What to produce:
Below, find the line containing "Cedar trees or" and the line containing "Кришка: ПВХ |"; reproduce exactly those two and every line between them, omitting pictures.

Data in this exercise:
□ □ □ □ □ □ □
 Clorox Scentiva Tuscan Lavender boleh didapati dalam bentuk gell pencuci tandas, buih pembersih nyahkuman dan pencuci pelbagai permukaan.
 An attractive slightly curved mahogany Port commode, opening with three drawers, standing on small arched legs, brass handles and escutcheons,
□ □ □ □ □ □ □
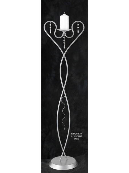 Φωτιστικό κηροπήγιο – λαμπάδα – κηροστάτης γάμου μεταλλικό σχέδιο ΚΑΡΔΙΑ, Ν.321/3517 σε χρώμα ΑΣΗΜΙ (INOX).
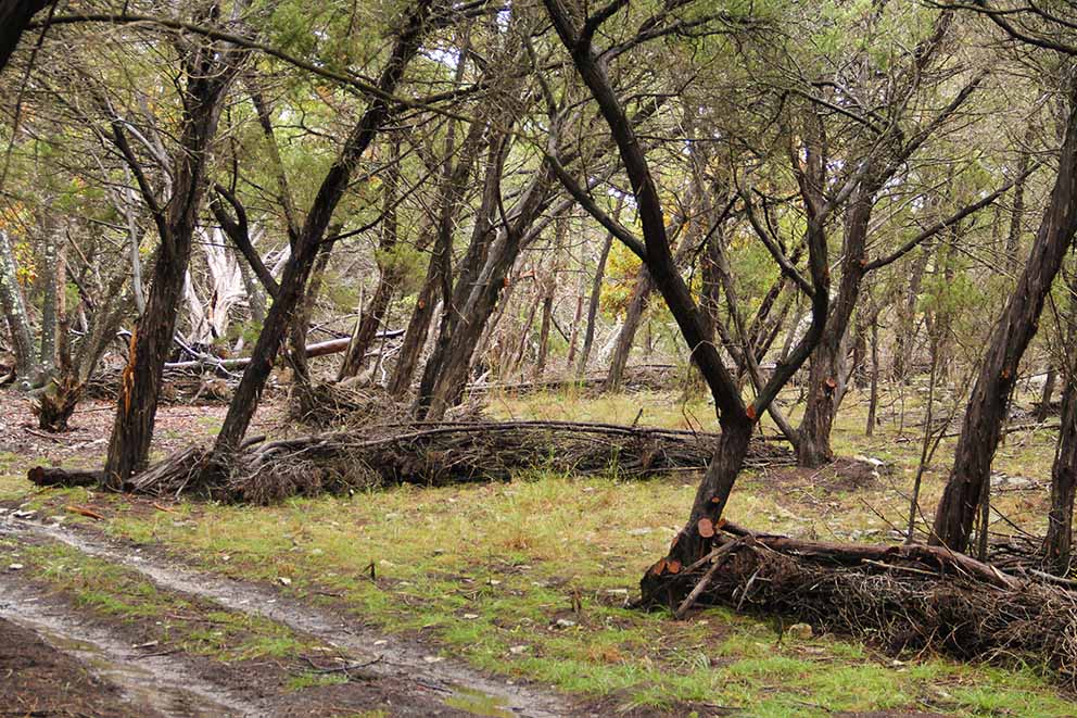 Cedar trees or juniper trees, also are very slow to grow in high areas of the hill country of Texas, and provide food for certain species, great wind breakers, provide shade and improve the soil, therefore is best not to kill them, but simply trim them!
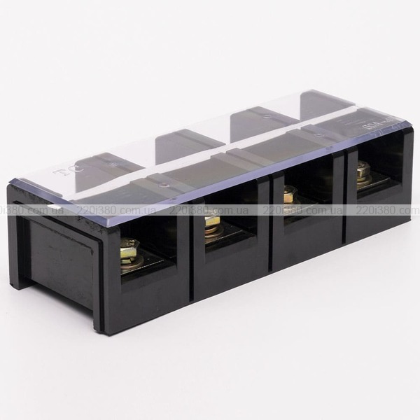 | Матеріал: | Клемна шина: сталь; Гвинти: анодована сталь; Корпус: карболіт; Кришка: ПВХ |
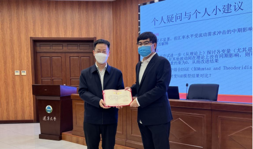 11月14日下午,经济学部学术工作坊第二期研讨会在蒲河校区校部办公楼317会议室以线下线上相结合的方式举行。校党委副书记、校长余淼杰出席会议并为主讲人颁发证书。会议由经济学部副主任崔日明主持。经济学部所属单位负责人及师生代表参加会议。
□ □ □ □ □ □ □
The answer:
 Cedar trees or juniper trees, also are very slow to grow in high areas of the hill country of Texas, and provide food for certain species, great wind breakers, provide shade and improve the soil, therefore is best not to kill them, but simply trim them!
 | Матеріал: | Клемна шина: сталь; Гвинти: анодована сталь; Корпус: карболіт; Кришка: ПВХ |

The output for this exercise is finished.